DATA SUPPLIED:
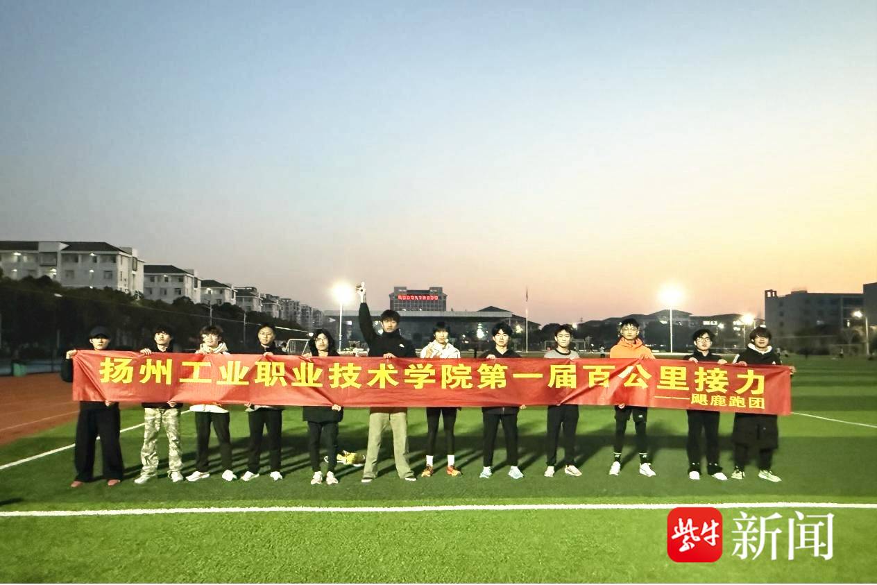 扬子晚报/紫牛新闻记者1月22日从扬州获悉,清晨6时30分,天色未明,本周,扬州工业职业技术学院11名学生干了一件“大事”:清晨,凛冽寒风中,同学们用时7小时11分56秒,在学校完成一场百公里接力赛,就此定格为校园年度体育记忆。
...
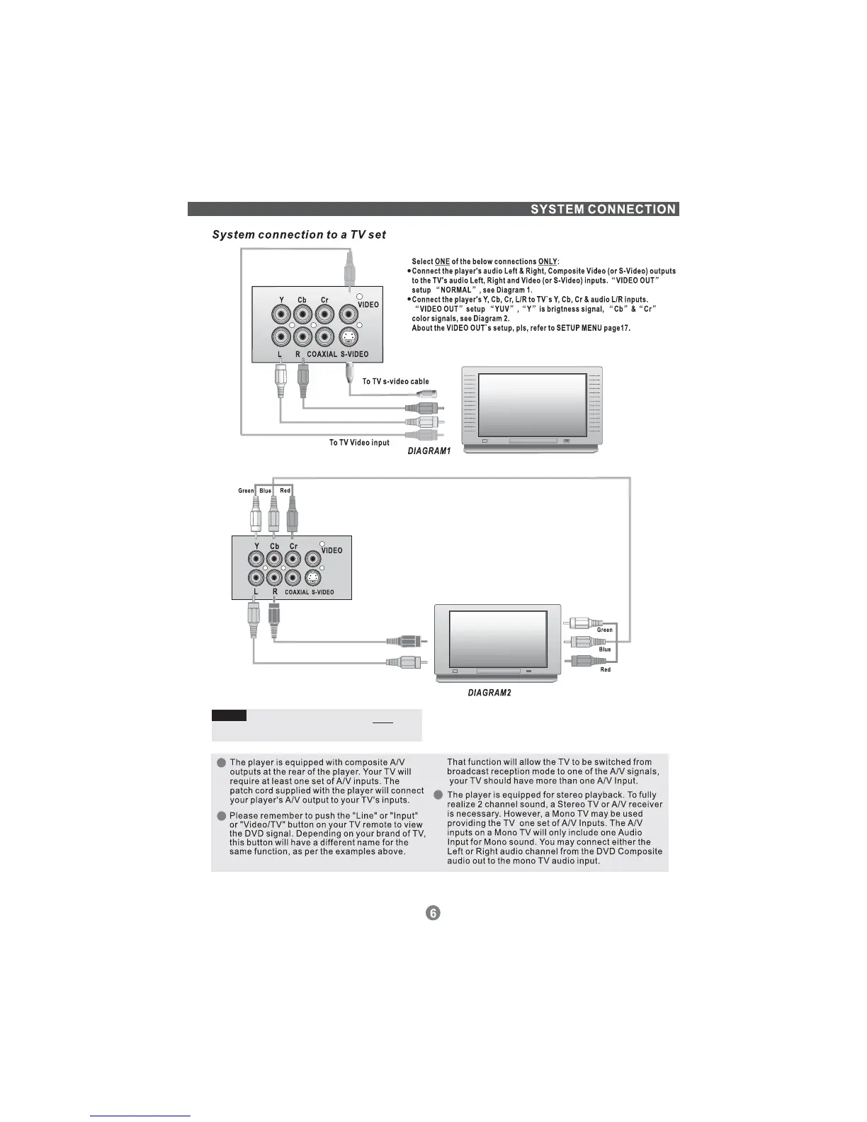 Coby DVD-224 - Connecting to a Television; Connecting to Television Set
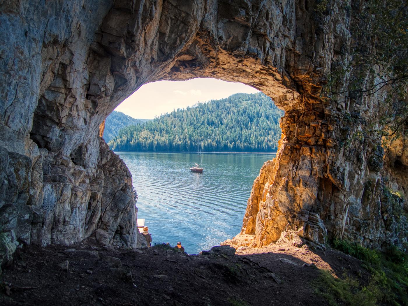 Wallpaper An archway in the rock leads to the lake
...
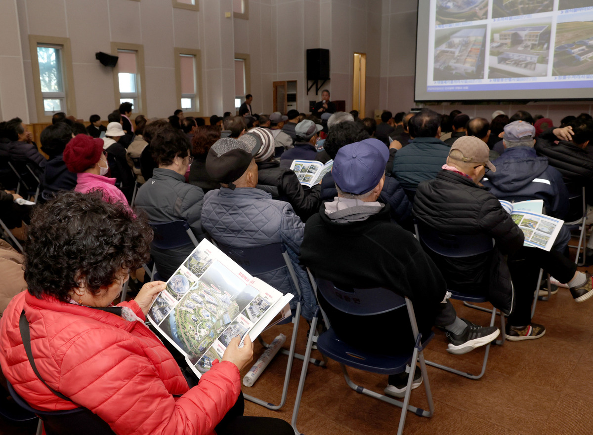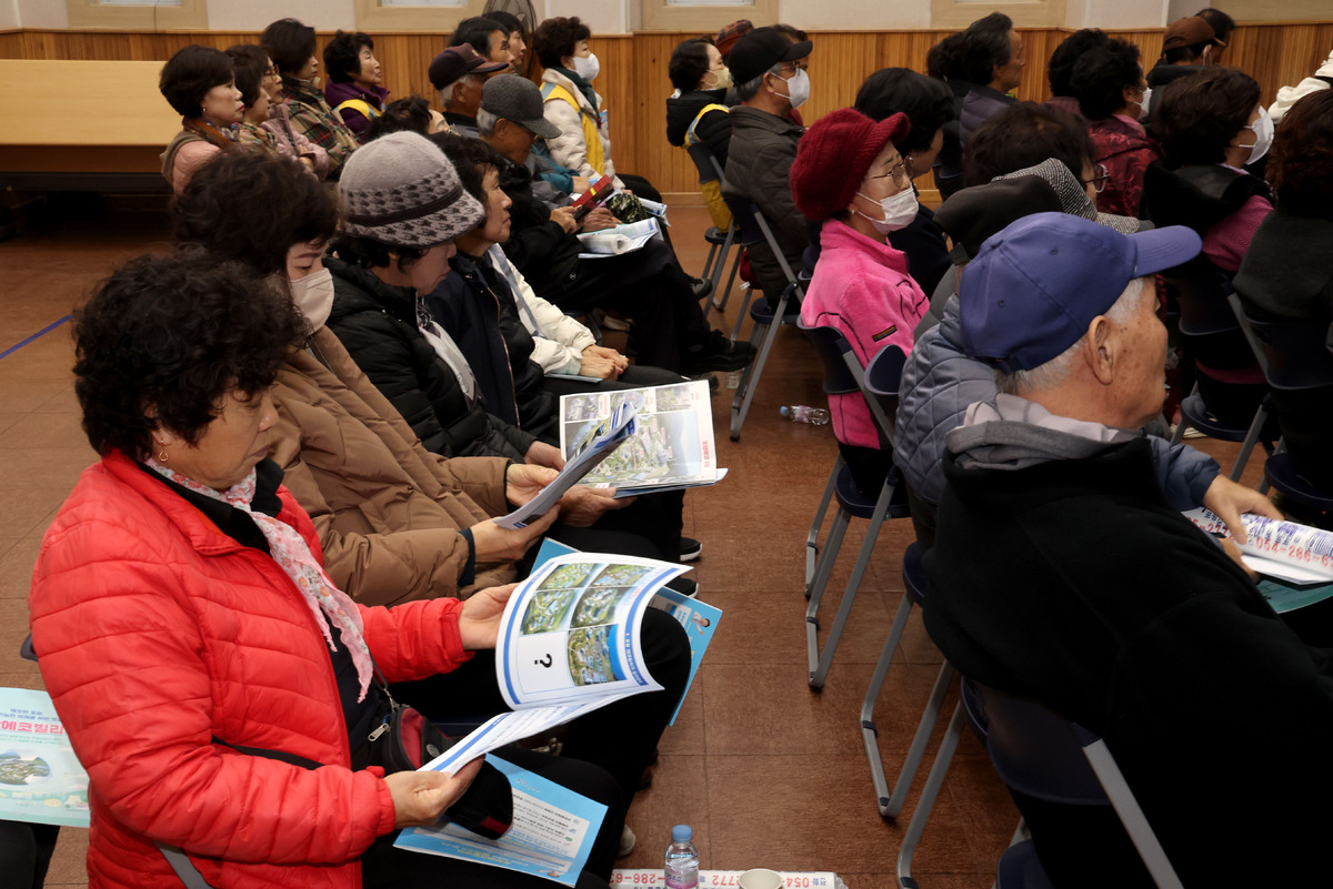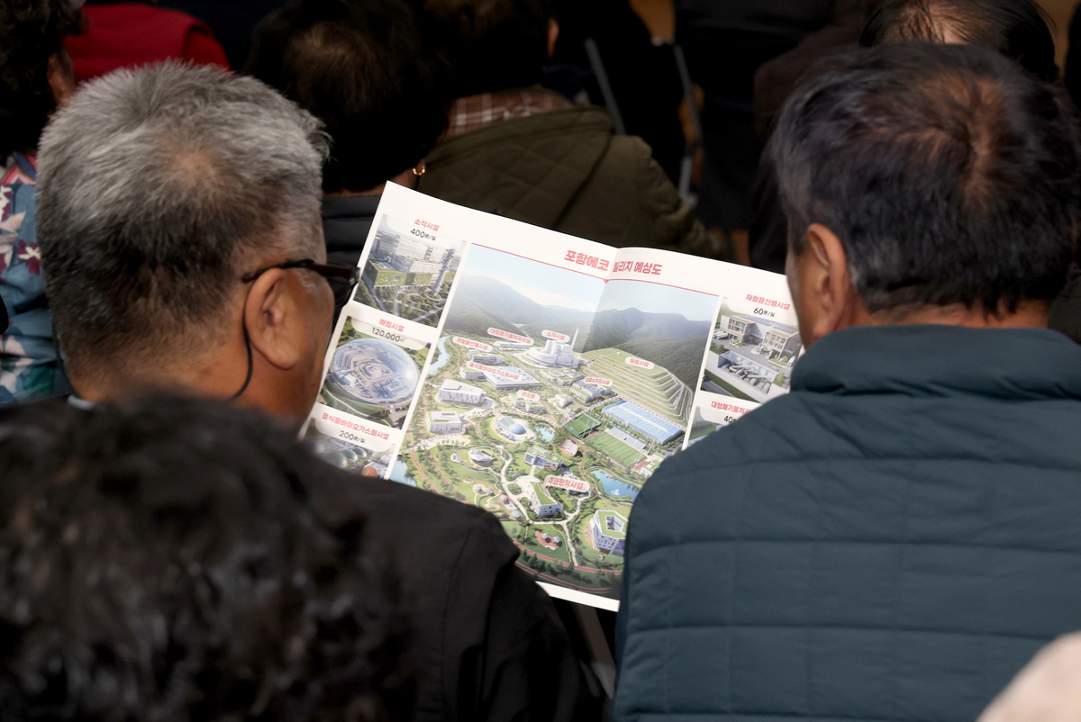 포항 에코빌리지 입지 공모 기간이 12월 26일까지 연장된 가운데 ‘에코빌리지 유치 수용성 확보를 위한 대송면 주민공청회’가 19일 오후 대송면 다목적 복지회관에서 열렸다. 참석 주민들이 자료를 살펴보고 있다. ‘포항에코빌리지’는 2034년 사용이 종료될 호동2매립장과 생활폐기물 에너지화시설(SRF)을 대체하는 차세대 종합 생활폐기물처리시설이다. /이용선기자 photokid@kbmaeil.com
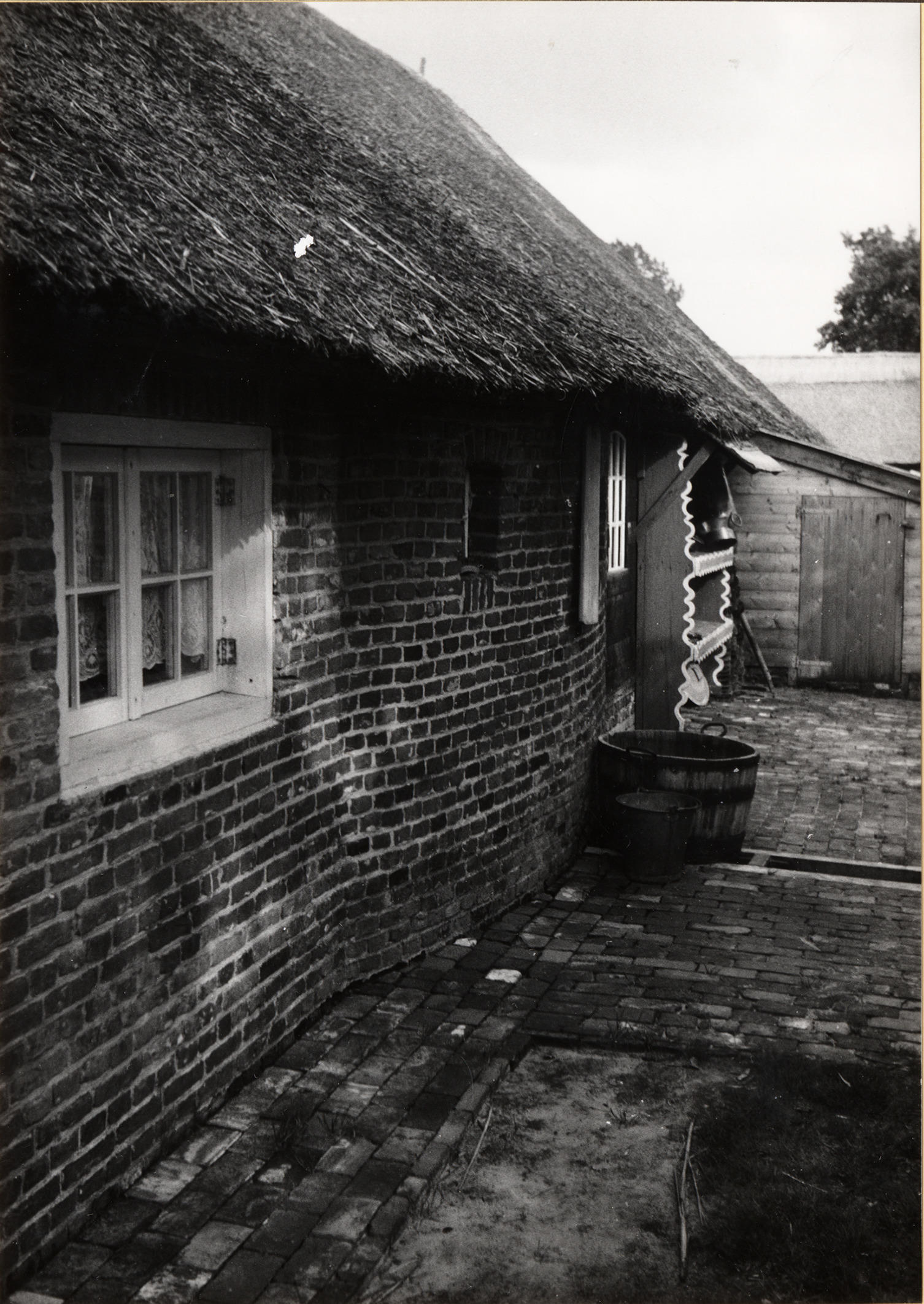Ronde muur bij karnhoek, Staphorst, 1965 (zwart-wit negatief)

WHAT YOU ARE ASKED TO DO:
Looking above, find the stretch of lines that opens with the one holding "포항 에코빌리지 입지" and closes with the one holding "Ronde muur bij". Copy it exactly, pictures excluded.

TASK ANSWER:
 포항 에코빌리지 입지 공모 기간이 12월 26일까지 연장된 가운데 ‘에코빌리지 유치 수용성 확보를 위한 대송면 주민공청회’가 19일 오후 대송면 다목적 복지회관에서 열렸다. 참석 주민들이 자료를 살펴보고 있다. ‘포항에코빌리지’는 2034년 사용이 종료될 호동2매립장과 생활폐기물 에너지화시설(SRF)을 대체하는 차세대 종합 생활폐기물처리시설이다. /이용선기자 photokid@kbmaeil.com
Ronde muur bij karnhoek, Staphorst, 1965 (zwart-wit negatief)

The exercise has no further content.